FDI-Prüfung als nächste Hürde
Selbst mit knapp 49,52 Prozent ist der Fall für Ennoconn noch nicht entschieden. Der Vollzug des Übernahmeangebots steht unter dem Vorbehalt einer investitionskontrollrechtlichen Freigabe durch das deutsche Bundesministerium für Wirtschaft und Klimaschutz. Diese sogenannte FDI-Prüfung dürfte in den kommenden Wochen zum eigentlichen Nadelöhr werden – ohne grünes Licht aus Berlin bleibt auch eine faktische Mehrheit von knapp 50 Prozent wirtschaftlich wenig wert.
Vorstand und Aufsichtsrat von Kontron hatten bereits Anfang Juli in einer gemeinsamen begründeten Stellungnahme dazu geraten, das Angebot abzulehnen. Der Preis von 23,50 Euro pro Aktie sei „finanziell nicht angemessen“, hieß es damals. Diese Einschätzung dürfte das mäßige Ergebnis der Andienungsquote mit erklären: Viele Aktionäre hielten offenbar an ihren Papieren fest, statt zum gebotenen Preis zu verkaufen.
Bewegung gab es zuletzt auch auf der Aktionärsseite jenseits von Ennoconn. Morgan Stanley meldete Anfang Juli den Aufbau einer Beteiligungsposition aus Aktien und Finanzinstrumenten von 8,43 Prozent an Kontron – ein Signal, dass institutionelle Investoren im Übernahmeszenario eigene Positionen aufbauen.

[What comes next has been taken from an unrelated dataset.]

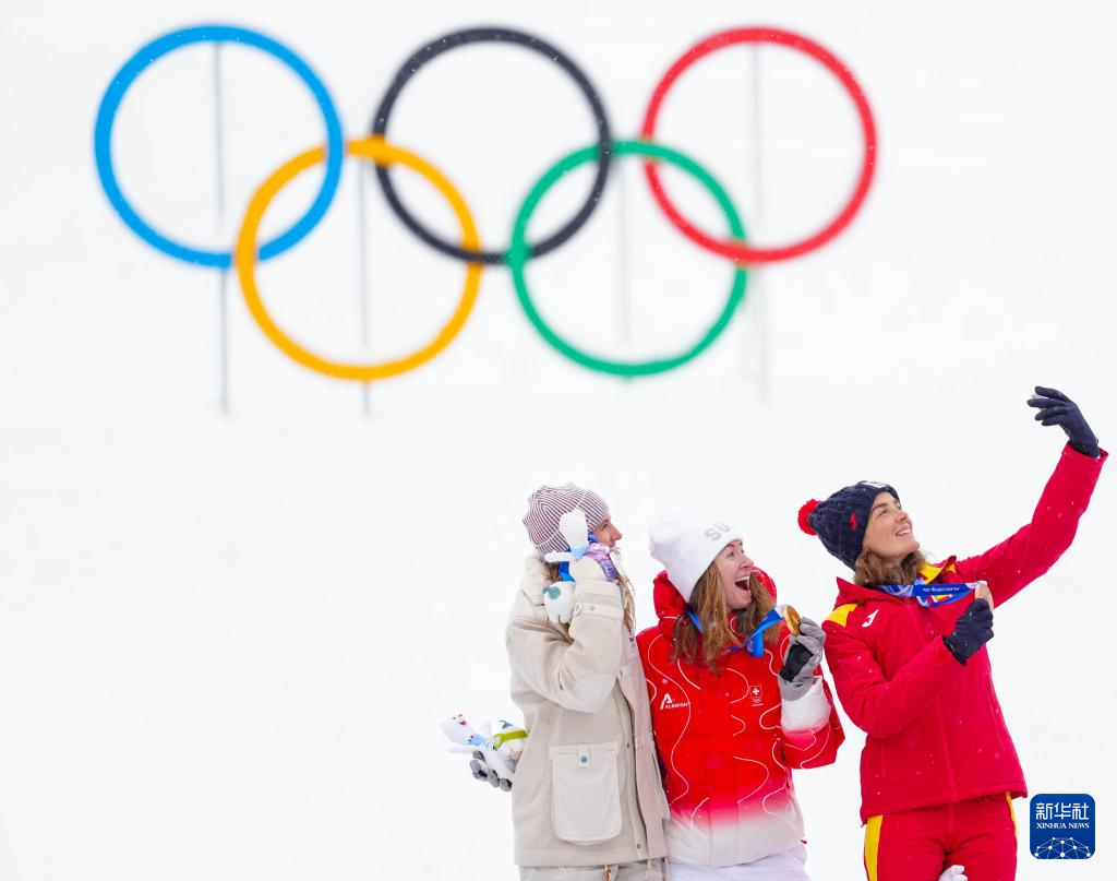 2月19日,冠军瑞士选手法东(中)、亚军法国选手哈罗普(左)和季军西班牙选手阿隆索·罗德里格斯在比赛后庆祝。
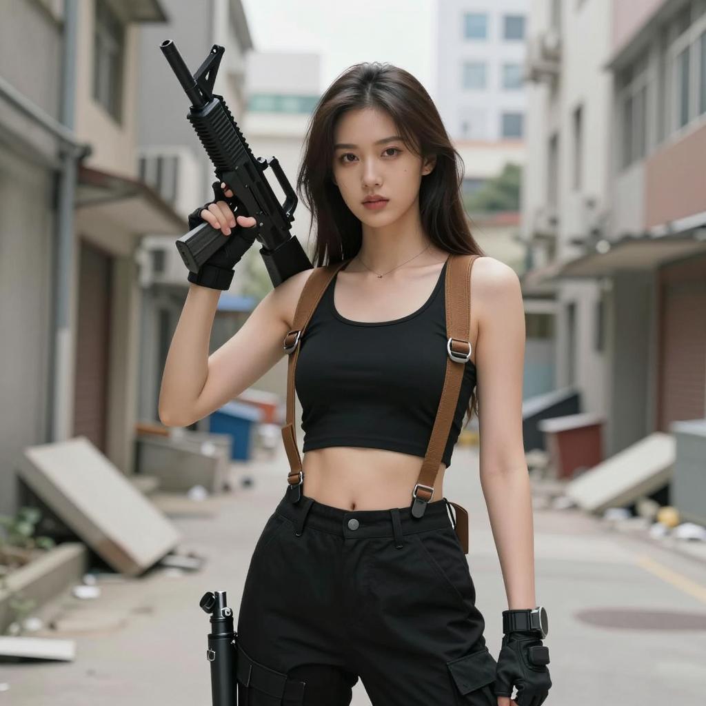 Strong Woman with Firearms in Urban Setting

Auch Kontron-Vorstandschef Hannes Niederhauser zeigte sich zuletzt investiert und kaufte im Mai 2.000 Aktien zu rund 23,00 Euro.
Operatives Geschäft läuft weiter
Abseits des Übernahmestreits hält der operative Betrieb an. Kontron meldete Ende Juli einen neuen Auftrag über die Lieferung von 150.000 5G-Modulen an einen nicht näher genannten OEM-Kunden. Im Mai hatte das Unternehmen die Zahlen für das erste Quartal 2026 vorgelegt: Der Umsatz lag bei 363,75 Millionen Euro, der Gewinn je Aktie sank im Jahresvergleich von 0,33 auf 0,22 Euro. Zudem kündigte der Vorstand im Juni die geplante Veräußerung eigener Aktien zur Bedienung des Aktienoptionsprogramms 2024/2025 an.

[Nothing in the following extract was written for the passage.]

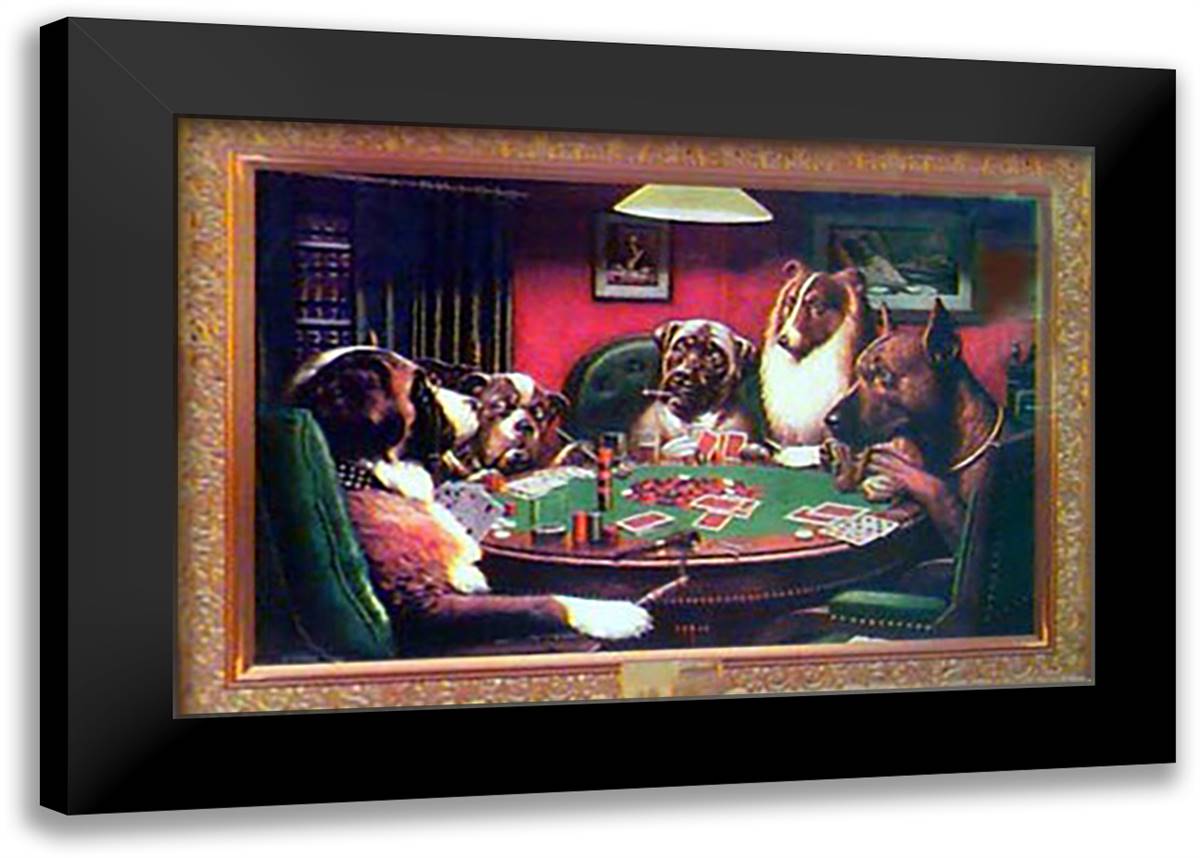 DOGS PLAYING POKER 40x28 Black Modern Wood Framed Art Print Poster

Der Kalender bleibt in den kommenden Wochen dicht gefüllt. Am 6. August steht der Halbjahresbericht 2026 an, der erste substanzielle Blick auf die Geschäftsentwicklung nach dem Übernahmeversuch. Ende August folgt der Auftritt bei der Commerzbank- und ODDO-BHF-Konferenz in Frankfurt, Mitte September der Capital Markets Day. Diese Termine dürften darüber entscheiden, wie stark sich das Unternehmen operativ von der Übernahmethematik lösen kann – oder ob die FDI-Prüfung das dominierende Thema bleibt.

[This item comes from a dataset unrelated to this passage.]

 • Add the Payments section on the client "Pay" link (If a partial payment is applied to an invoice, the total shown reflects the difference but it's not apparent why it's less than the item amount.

Für Anleger bleibt die Lage vorerst unübersichtlich: Ennoconn hat seine Position spürbar ausgebaut, aber die entscheidende Kontrollschwelle verpasst. Solange die Investitionsprüfung in Berlin läuft, dürfte die Aktie zwischen Übernahmefantasie und regulatorischer Unsicherheit schwanken.